Task statement: Only the lines from the one with "15720.69824 ~ |" to the end of the data, both ends included, should be output, exactly as they stand and without pictures.

Data segment:
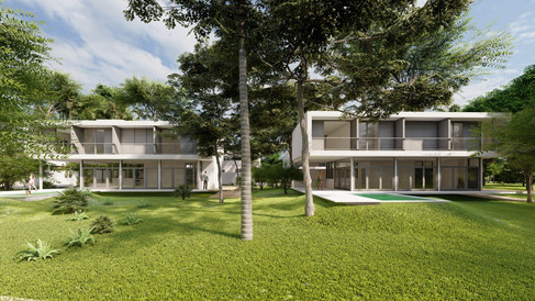 O projeto contempla duas tipologias de casas sobradas, ambas com 4 suítes, porém com arquitetura diferenciadas. Desta forma na implantação do terreno, foi pensado além das mesclas das opções, suas diferentes rotações, buscando sempre maior aproveitamento do sol e ventos da região.
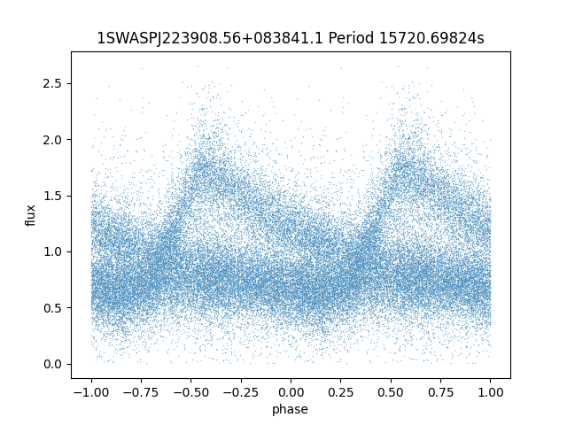 | 1SWASPJ223908.56+083841.1 | 15.07 | 15720.69824 ~ |
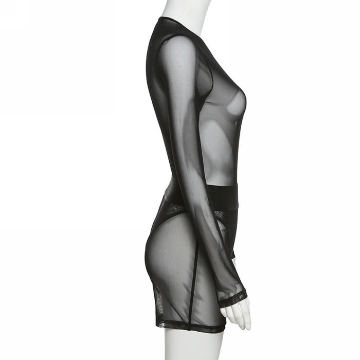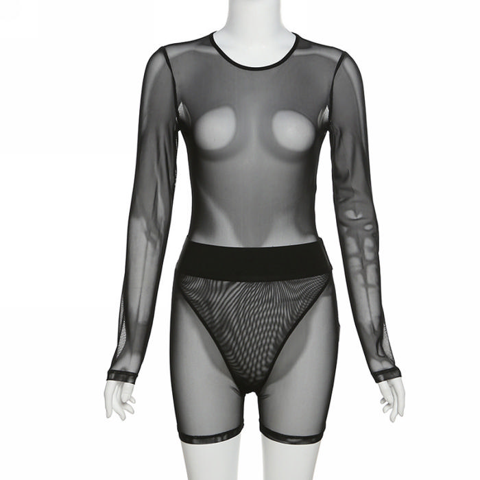 (Real Image)2022 Styles Women Fashion Spring INS Styles Mesh Short Two Piece SuitSKU: #CF49420-1
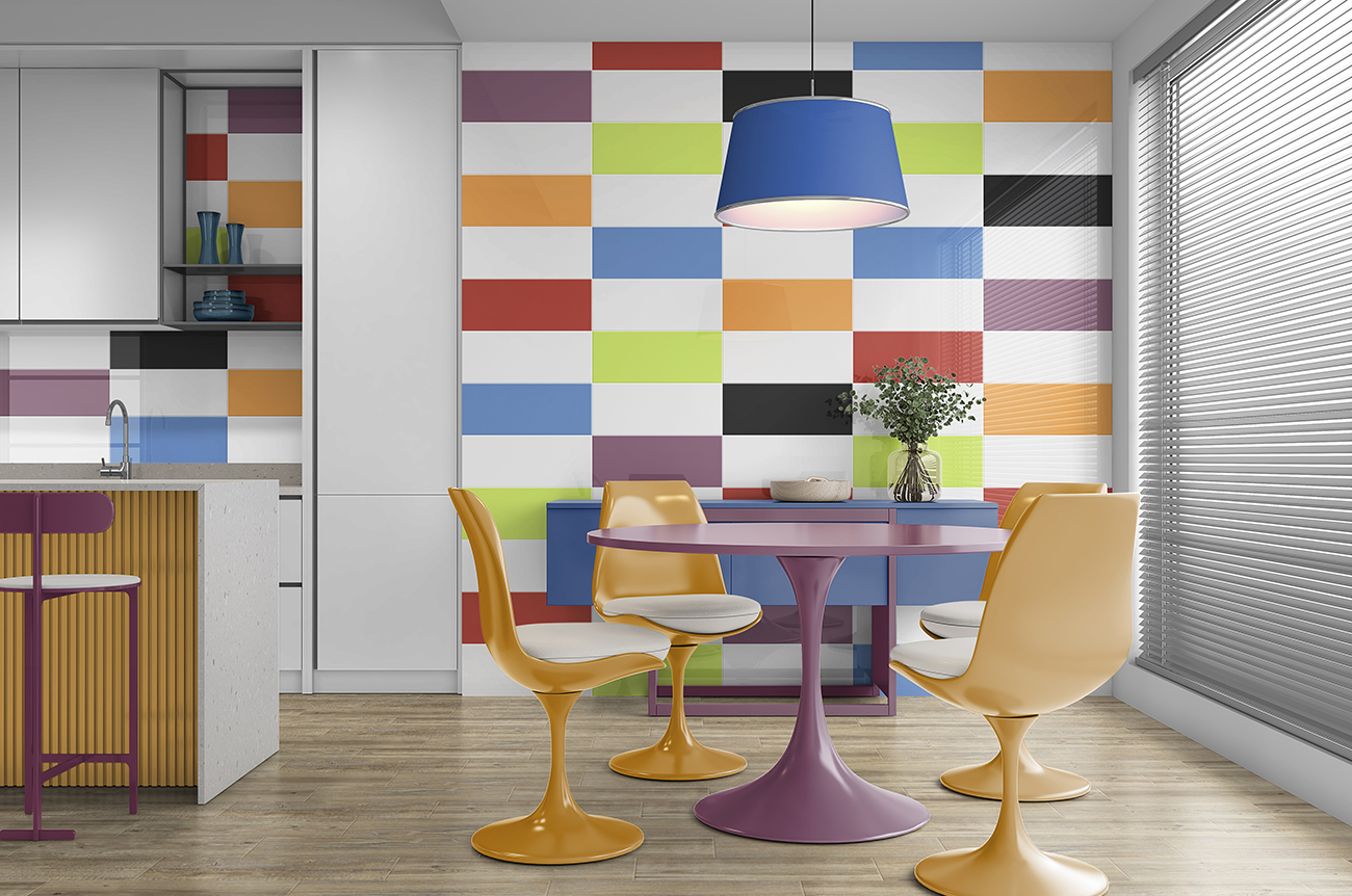 La serie Happy de Supercerámica es una colección de azulejos de revestimiento mural interior que combina estética, funcionalidad y sistema digital de impresión, ideal para proyectos decorativos que buscan color, luminosidad y estilo. Su acabado brillante y su acabado digital permite reproducir tonos precisos con gran riqueza cromática, y cada pieza refleja la luz con elegancia.

Result below:
 | 1SWASPJ223908.56+083841.1 | 15.07 | 15720.69824 ~ |
 (Real Image)2022 Styles Women Fashion Spring INS Styles Mesh Short Two Piece SuitSKU: #CF49420-1
 La serie Happy de Supercerámica es una colección de azulejos de revestimiento mural interior que combina estética, funcionalidad y sistema digital de impresión, ideal para proyectos decorativos que buscan color, luminosidad y estilo. Su acabado brillante y su acabado digital permite reproducir tonos precisos con gran riqueza cromática, y cada pieza refleja la luz con elegancia.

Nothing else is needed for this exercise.